Hank Aaron’s record-breaking home run was his last great moment
At 40 years old, it was clear by the end of April 1974 that Hank Aaron‘s best days were behind him. Aaron ended the season’s first month hitting just .216 with a .298 on-base percentage. A strong final two months pushed Aaron’s average up to .268, though his 20 homers were his fewest since his rookie season in 1974.
Atlanta traded Aaron to the Milwaukee Brewers, the city where he began his MLB career, after the season. Aaron hit 22 home runs in two seasons with the Brewers and set a league record with 2,297 RBIs. Using Baseball-Reference’s Wins Above Replacement system, Hank Aaron totaled only 0.5 WAR with the Brewers.
Aaron ended his career with 755 home runs. San Francisco Giants slugger Barry Bonds broke Aaron’s record on August 7, 2007.
What else happened in baseball on April 8?

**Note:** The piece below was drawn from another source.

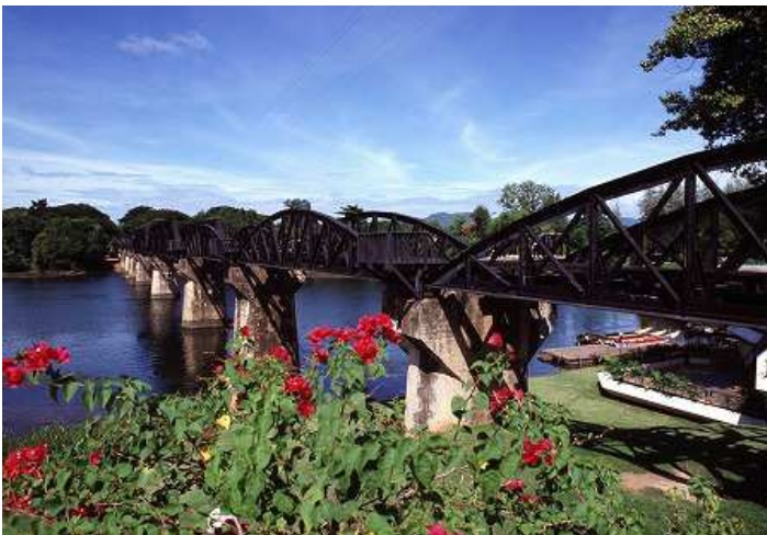
「映画にも出ていた鉄橋」

- Four expansion teams played their first game on April 8, 1969. The Seattle Pilots, who move to Milwaukee after a year, defeated the Angels 4-3 in Anaheim. The Kansas City Royals beat the Minnesota Twins, 4-3, in 12 innings. Rusty Staub and the Montreal Expos opened play with an 11-10 thrilling victory over the Mets. The San Diego Padres held on for a 2-1 victory against the Houston Astros.
- A year after Hank Aaron broke the home run record, Frank Robinson broke the managerial color barrier. Robinson served his first game as baseball’s first manager on April 8, 1975. A player-manager for the Cleveland Indians, Robinson homered in a 5-3 Indians victory.
- Washington Nationals pitcher Daniel Cabrera furthered the case for a universal designated hitter on April 8, 2009. Cabrera struck out twice in his first two at-bats of the season. Having previously struck out 14 straight at-bats when he played for the Baltimore Orioles, Cabrera’s 16 consecutive strikeouts as a hitter set an MLB record.
- Legendary slugger Manny Ramirez promptly retired on April 8, 2011, after Major League Baseball informed Ramirez he needed to serve a 100-game suspension for violating baseball’s drug policy. Ramirez ended his 19-year career with 555 home runs and is still awaiting induction into the Hall of Fame.